Galerie Templon Has Given Artist Jan Fabre Carte Blanche to Inaugurate its New Paris Gallery

The resulting two-part show blends sexual and religious symbols.

Jan Fabre, Le Bluff de la Vierge Marie belge (2018).Photo Pat Verbrueggen. ©Angelos bvba. Courtesy Galerie Templon.

Last October, art dealer Daniel Templon invited the Belgian artist Jan Fabre to tour a rough, unfinished space in Paris that was to become the third branch of Galerie Templon. He wanted Fabre to inaugurate the gallery with a show of new works, and he offered him carte blanche to do it.

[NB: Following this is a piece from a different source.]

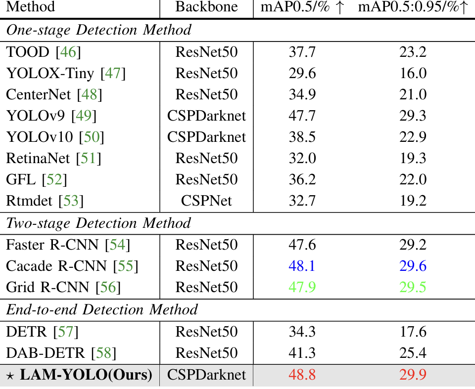 - Q1:与最先进技术的比较分析:我们将LAM-YOLO与其他前沿方法进行比较,重点放在第四节B中的定量评估和视觉结果上。

Fabre couldn’t say no. He spent six months on a body of work that employs the iconography of organized religion and pays tribute to the artist’s home country. that is now being shown in a two-part exhibition, “Sexual Belgian Folklore (2017-2018)” and “Sexual Belgian North Sea (2018),” up through July 21.

Installation view of “Jan Fabre: Sexual Belgian Folklore (2017-2018)” and “Sexual Belgian North Sea (2018).” Courtesy Galerie Templon.

“Jan wanted to celebrate the connection between France and Belgium, his native country,” says Anne-Claudie Coric, the gallery’s executive director. “The exhibition is thus a playful exploration of what he calls the ‘Belgian subconscious.’ In a way it’s also a reflection on Europe, the idea of nationhood and the relationship between politics and culture.”

Both parts of the show are composed of a series of drawings and sculptures. In total, there are some 50 colored-pencil drawings done in the style of pictures found in illuminated manuscripts. Each is mounted in a golden frame with a red velvet mat.

Jan Fabre, The Chickens Being Fed (2017). Photo: Pat Verbrueggen. ©Angelos bvba. Courtesy of Galerie Templon.

Fabre’s sculptures are made from objects that once belonged to Belgian churches, which Fabre procured from estate sales. However, while they were sourced from houses of worship, the objects have been altered with Fabre’s signature wit. L’arbre de vie du carnaval belge (2018), for instance, is a gilded cross covered in party hats and penises. In Coquillages belges au garde à vous (noir, jaune, rouge) (2018), a penis emerges from a trio of fabric-covered seashells

Jan Fabre, L’arbre de vie du carnaval belge (2018). Photo: Pat Verbrueggen. ©Angelos bvba. Courtesy of Galerie Templon.

The Paris expansion has been a long time coming. Templon, who runs a second gallery in Paris and another in Brussels, had been seeking this growth for more than 10 years, but was waiting for “the ideal way to expand,” says Coric. “Expansion is not an end in itself. It needs to serve a purpose, an identity. We seek to promote a gallery model where the local audience is key, where exhibitions and the experiments of artists remain at the core of the experience.”

Fabre felt like the perfect artist to lead this new phase in the gallery’s life. “We have been working with Jan since 2000 and have accompanied him in the development of his career as a visual artist,” says Coric. “It was logical to think of him to demonstrate how we conceive the role of the gallery today: an agent, a producer, a companion, a spokesman.”

Jan Fabre. Photo: Carlotta Manaigo.

Jan Fabre: Sexual Belgian Folklore (2017-2018)” and “Sexual Belgian North Sea (2018)” are on view through July 21, 2018 at Galerie Templon in Paris.